そして幼少期の記憶である心の傷は、考え方のクセや行動のパターンとなって、大人になっても人生に大きな影響を与えるのです。
たとえば、「あれがやりたい」「これがしたい」と自分の欲求を伝えると、両親がいつも、困った顔をしたりため息をついたりしていたとします。
子どもは、そんな些細なしぐさや表情の変化でも、敏感に親の気持ちを感じ取ります。そして、「あ、自分の欲求や気持ちを素直に伝えると、親は困るんだな」と、ショックを受けます。
そうして、傷ついたリトル・ミーが生まれるのです。
この、傷ついたリトル・ミーは、「自然な感情や欲求を表に出すと嫌われる」と考え、大人になっても、人の顔色をうかがい、自分の気持ちにフタをするように仕向けます。

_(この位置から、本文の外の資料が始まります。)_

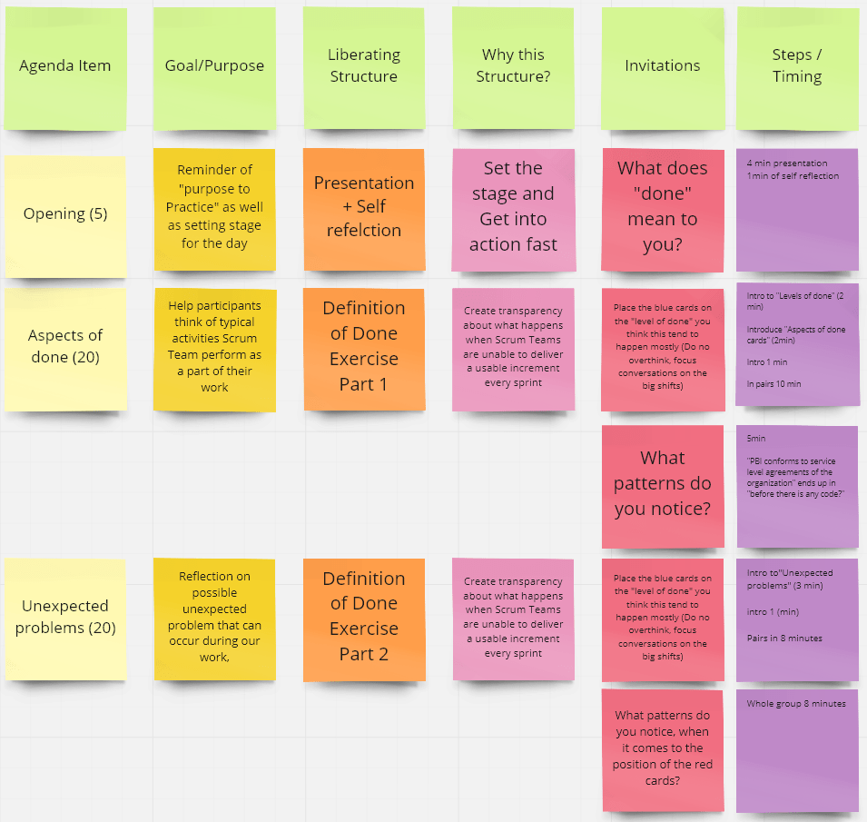 - Originally I planned the purpose-to-practice element “Principles” to be a part of this session, but the time schedule was to tight, to let the good discussions unfold, so I decided to skip the Principles for now.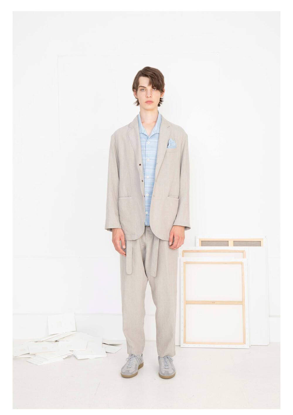 롤링 라펠의 유려한 선을 그려나가는 실루엣으로 버튼은 세개이지만, 가운데 두번째 단추부터 채울 수 있게 설계된 롤링 라펠입니다. 린넨의 질감과 부드러운 착용감이 함께합니다.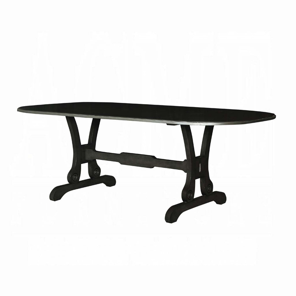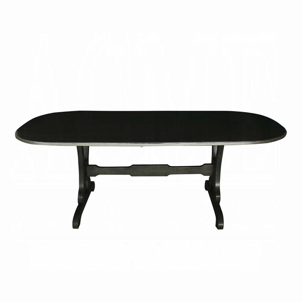 Inspired by European Romanticism, this House Beatrice dining set evokes an iconic refinement. Wooden dining table matches with chairs upholstered with a beautiful faux leather; this set shows where sublime simplicity meets supreme comfort. Featuring two-toned finish, streamlined and unique accents, each piece of this dining set is in our richly textured.

顕在意識と潜在意識の力関係は、およそ1:9ほどだと言われています。
1%:99%という説もあるほど、潜在意識のパワーは強力です。
私たちが生きる現実の世界は、潜在意識で考えていることがこれほど大きく投影されているのです。
リトル・ミーは、潜在意識に眠る過去の記憶ですから、知らず知らずのうちに、強大な力であなたの人生をコントロールします。
ですから人生の9割は、こうした幼少期の記憶で決まると言っても過言ではないのです。
一説によると、人は数万通りのリトル・ミーを抱えていると言われています。
私がこれまで心理カウンセラーとして、6500人以上の方にカウンセリングしてきた経験からも、人は数えきれないほどのリトル・ミーを抱えているという実感があります。でも、だからと言って、すべてのリトル・ミーを癒さなければ、人生が変わらないわけではありません。
私の経験から、ほとんどの場合、最も傷ついたリトル・ミーを癒すだけでも、見違えるほど人生は大きく変わっていきます。
それでもセッションを通して、リトル・ミーの存在に気づき、大人になった自分の立場から、当時の自分の気持ちと母の気持ちを振り返ることで、少しずつリトル・ミーは癒されていきます。
幸子のように、最も傷ついたリトル・ミーを見つけること。そして、深く傷ついたリトル・ミーを癒し、幼少期の記憶を再構築することで、人生は大きく変わっていくのです。